Search strategies are designed to improve the precision and relevancy of search results based on user queries. In this context, we will explore evolution of searches, starting with traditional keyword-based searches and then delving into a more advanced approaches. This advanced approaches involve understanding the context and meaning of the user’s query or phrase, allowing for a more intuitive search experience. Let’s embark on an individual assessment of these search strategies, particularly focusing on our unique use case.
Normal or Keyword Text Search: In the Keyword Text Search strategies, the focus was on exact term or key word matching. Users would input a search query, and the system would retrieve videos that contained the exact term in their metadata or descriptions. For example, if a user searched for “cat videos” the system would find videos with the exact term “cat videos” in their metadata or descriptions.
Wildcard Search : As search technology advanced, the new strategy named wildcard search comes into picture. These strategies expanded the search by considering variations or partial matches of the search query. For instance, if a user searched for “cat videos” using a wildcard search, the system could retrieve videos with terms like “angry cat videos” or “funny cat videos” that closely resembled the query.
Fuzzy Search : Unlike exact matches, which require the query and the target to be identical, fuzzy search allows for some degree of similarity or variation in the results. This is particularly useful when dealing with typos, misspellings, or slight variations in data. One popular algorithm for fuzzy string matching is the Levenshtein distance, also known as the edit distance. It measures the minimum number of single-character edits (insertions, deletions, or substitutions) required to transform one string into another. The smaller the Levenshtein distance between two strings, the more similar they are.

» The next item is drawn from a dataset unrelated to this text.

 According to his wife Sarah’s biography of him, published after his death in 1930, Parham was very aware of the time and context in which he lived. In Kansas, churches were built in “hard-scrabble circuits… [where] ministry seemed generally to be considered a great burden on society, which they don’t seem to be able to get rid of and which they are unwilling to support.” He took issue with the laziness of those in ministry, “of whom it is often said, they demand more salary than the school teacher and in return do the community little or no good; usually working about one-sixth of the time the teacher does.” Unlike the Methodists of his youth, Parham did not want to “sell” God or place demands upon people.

Semantic Search : This era heralded the advent of semantic search, a strategy built to decipher the context and meaning behind a query, rather than just mechanically matching keywords. For instance, when a user keys in ’entertaining cat videos,’ the semantic search system comprehends and serves up videos that encapsulate fun and feature cats, even if those specific keywords are absent in the video’s description or title. It could yield results like ' Laughing at hilarious feline antics’ or ‘Playful kittens create joyous chaos’, recognizing the user’s desire for amusing cat content. Thus, semantic search outperforms conventional text or fuzzy/wildcard searches by interpreting user intent and providing more contextually relevant video suggestions.

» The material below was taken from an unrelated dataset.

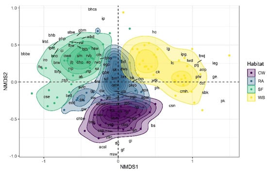 Non-metric Multidimensional Scaling (NMDS) showing the different bird species composition at each habitat (stress = 0.25; Non-metric fit R2 = 0.936; linear fit R2 = 0.695); CL = Cropland, RA = Residential areas, SF = Sal Forest, and WB = Water Body. Where; ap = Alexandrine Parakeet; acsl = Ashy-crowned Sparrow Lark; asp = Ashy Prinia; ak = Asian Koel; aob = Asian Openbill; aps = Asian Palm Swift; ipfc = Indian Paradise-flycatcher; apst = Asian Pied Starling; bm = Bank Myna; bs = Barn Swallow; bw = Baya Weaver; bbs = Bay-backed Shrike; bd = Black Drongo; bhm = Black-headed Munia; bk = Black kite; bwk = Black-winged Kite; bhcs = Black-headed Cuckooshrike; bho = Black-hooded Oriole; bno = Black-naped Oriole; brw = Black-rumped Woodpecker; rp = Rock Pigeon; btb = Blue-throated Barbet; bbbe = Blue-bearded Bee-eater; bq = Common Buttonquail; bst = Brahminy Starling; brd = Bronzed Drongo; bwj = Bronze-winged Jacana; brs = Brown Shrike; bhb = Brown-headed Barbet; ce = Cattle Egret; chbe = Chestnut-headed Bee-eater; cts = Chestnut-tailed Starling; cc = Common Chiffchaff; cct = Common Coot; chc = Common Hawk Cuckoo; ch = Common Hoopoe; ci = Common Iora; ck = Common Kingfisher; cmh = Common Moorhen; cm = Common Myna; csp = Common Sandpiper; csn = Common Snipe; ctb = Common Tailorbird; csb = Coppersmith Barbet; ipg = Indian Pygmy-goose; cse = Crested Serpent Eagle; cw = Citrine Wagtail, Motacilla citreola; dw = Dusky Warbler; rcd = Red Collared Dove; ecd = Eurasian Collared Dove; ego = Eurasian Golden Oriole; fw = Forest Wagtail; fbw = Fulvous-breasted Woodpecker; gc = Greater Coucal; ggbw = Greater Golden-backed Woodpecker; gbe = Green Bee-eater; gbm = Green-billed Malkoha; gw = Grey Wagtail; hc = House Crow; hs = House Sparrow; hsw = House Swift; inj = Indian Nightjar; ph = Indian Pond Heron; iro = Indian Robin; irl = Indian Roller; jc = Jacobin Cuckoo; jb = Jerdon’s Baza; jbb = Jungle Babbler; jm = Jungle Myna; jcs = Large Cuckooshrike; ge = Great Egret; lwd = Lesser Whistling Duck; leg = Little Egret; lg = Little Grebe; omr = Oriental Magpie-Robin; osl = Oriental Sky Lark; owe = Oriental White-eye; pfp = Paddyfield Pipit; ptj = Pheasant-tailed Jacana; pk = Pied Kingfisher; pp = Plain Prinia; php = Plum-headed Parakeet; psb = Purple Sunbird; prsb = Purple-rumped Sunbird; lrtd = Greater Racket-tailed Drongo; rrsw = Red-rumped Swallow; rvb = Red-vented Bulbul; rwb = Red-whiskered Bulbul; rrp = Rose-ringed Parakeet; rs = Rosy Starling; rtp = Rufous Treepie; rw = Rufous Woodpecker; sbm = Scaly-breasted Munia; sk = Shikra; stse = Short-toed Snake Eagle; sd = Spotted Dove; so = Spotted Owlet; sbk = Stork-billed Kingfisher; tbfp = Thick-billed Flowerpecker; tfc = Taiga Flycatcher; avfc = Asian Verditer Flycatcher, Eumyias thalassinus; wbwh = White-breasted Waterhen; wtk = White-throated Kingfisher; ww = White Wagtail; wbd = White-bellied Drongo; wds = Dusky Woodswallow; yeb = Yellow-eyed Babbler; yfgp = Yellow-legged Green Pigeon; zsc = Zitting Cisticola; rwl = Red-wattled Lapwing; lc = Little Cormorant; phr = Purple Heron; jlb = Jerdon’s Leafbird; sm = Scarlet Minivet, Pericrocotus speciosus; gf = Grey Francolin; ip = Indian Pitta; gi = Glossy Ibis.

Now the stage is all set for our exploration into a transformative force reshaping the modern user’s search experience. We solved the problem of suggesting videos whose process involves getting similar videos from a database filled with metadata, descriptions, and thumbnails of various videos, with the aim of offering highly relevant and contextually accurate search results. This groundbreaking technique, referred to as semantic search, has the potential to revolutionize the way users interact with information retrieval systems.
We assume that need not have any idea of internals of semantic search , so let’s get started with building blocks that powers the system.
Numerical representation(vector to be precise) of any content (words, picture, sound, etc). In other words, this would be a point on an n-dimensional space.
In this context, you can consider models as black-box which takes a word and return you an embedding. If you consider the Model is placing each content on a n-dimensional space, the best model would place the similar content closer/along the same lines.
Vector DB: Database to store the embeddings. This has capability to query embeddings using varying similarity techniques. For our use case, we have gone with elasticsearch vector DB.
K-Nearest Neighbour Search, search technique supported by Vector DB(ES in this case). Where the
nearest neighbours will
be returned as part of the search. Where the definition of
near is using the chosen similarity technique.
Similarity calculated based on the distance between 2 vectors. This is basic similarity and not much useful in sophisticated cases.
Similarity based on the the angle between given vectors. i.e., if 2 points are placed on the same line from the origin but placed further apart, those 2 are considered same.
Having seen the definition of embedding, there are several methods to generate embeddings, but some of the most common approaches are using neural network-based language models like Word2Vec, GloVe, and BERT. Text embedding algorithms process large amounts of text data and learn word representations that capture semantic and syntactic relationships. Internally, texts are tokenized into words, and each word is mapped to its corresponding embedding vector. The embeddings of individual words in a text can be combined using averaging, concatenation, or other aggregation methods to obtain a fixed-size representation of the entire text.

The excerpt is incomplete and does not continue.